Тахион чувствовал, как дрожат от усталости его мышцы и как сильно напряжены нервы. А следом за усталостью подступали отчаяние и жалость к себе. Выругавшись себе под нос, он грохнул кулаком по столу, и Ширли отпрянула.

– Tax? Ты в порядке?

– Да. Разумеется.

Он усилием воли расправил плечи и, стараясь шагать пружинисто, пошел по коридору.

Когда Тахион толчком открыл дверь, Боннерс совещался с другим врачом. Он нахмурился, но, похоже, был более чем счастлив передать ему руководство, когда женщина на кровати издала пронзительный вопль и попыталась выгнуться дугой, несмотря на то что была привязана. Tax подскочил к ней, ласково положил ладонь ей на лоб и слился с ее сознанием.

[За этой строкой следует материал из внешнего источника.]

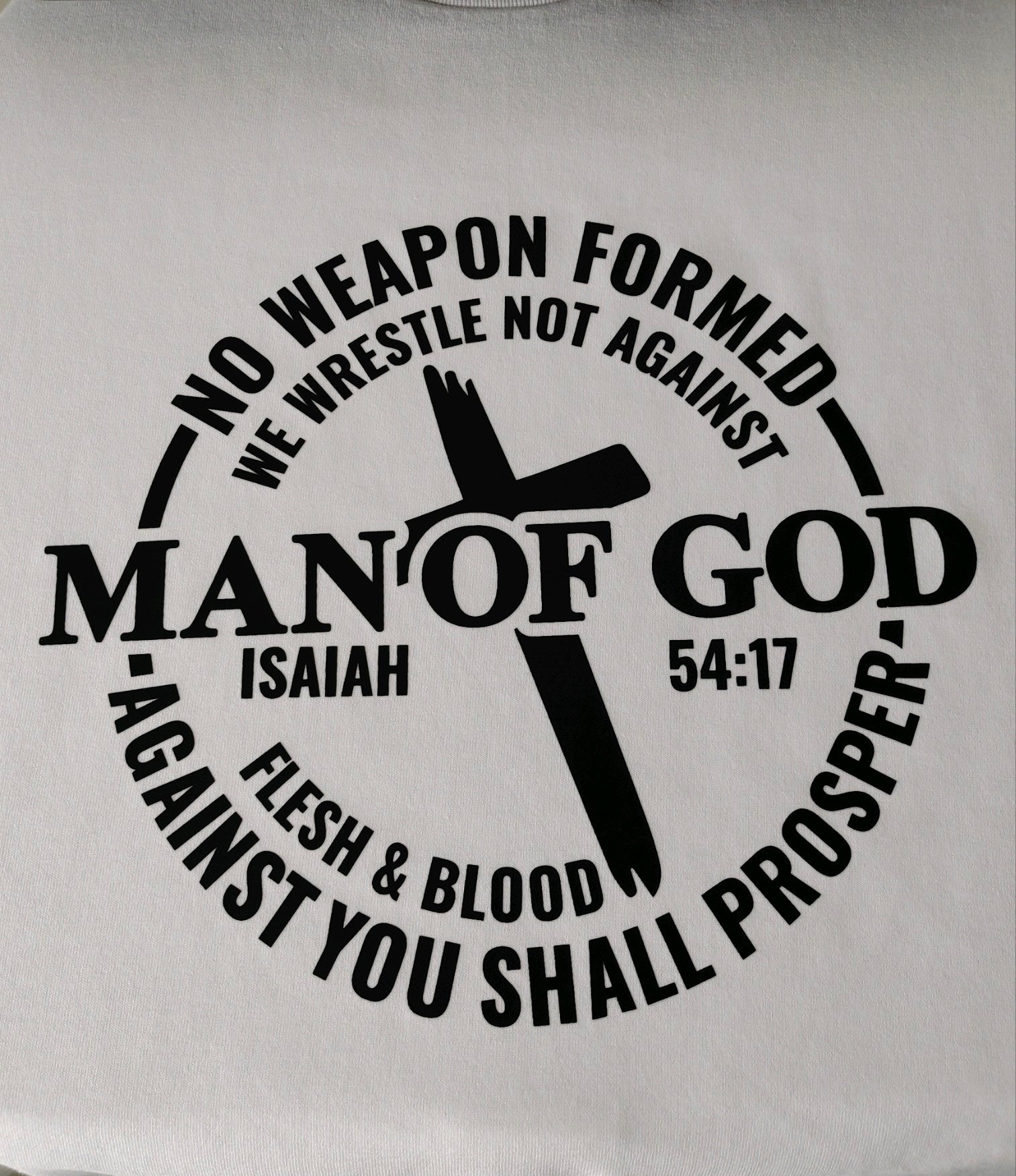 Be a powerful Man of God with our X-Large 100% cotton T-Shirt featuring Isiah 54:17. Stand tall and confidently in this shirt that boldly proclaims your faith and strength. Perfect for everyday wear and for sharing your beliefs with the world.

«О боже! Неужели Райли пройдет на выборах? Видит бог, он достаточно заплатил за это. Он мог купить себе победу, но, черт побери, неужели полную победу?.. Мама, мне страшно... Морозное зимнее утро, свист коньков на льду... Рука, сжавшая мою руку... это чья-то чужая рука. Где же Генри? Как он мог оставить меня в такой миг... сколько еще часов... он должен был бы находиться с ней... Опять схватка. Только не это. Я этого не вынесу. Мама... Генри... Больно!»

Он отстранился и, хватая ртом воздух, привалился к шкафу.

– Боже правый, доктор Тахион, вы здоровы? – Боннерс положил руку ему на локоть.

– Нет... да... во имя Идеала.

Он заставил себя выпрямиться, хотя тело все еще терзала боль воспоминания о первых тяжелых родах женщины. На всякий случай он быстро проделал кое-какие успокаивающие и укрепляющие упражнения и обрушил на нее всю свою пси-энергию. Под его бешеным натиском ее хрупкие ментальные барьеры рухнули, и прежде, чем она успела затянуть его в водоворот своих смятенных мыслей, Тахион овладел ее сознанием.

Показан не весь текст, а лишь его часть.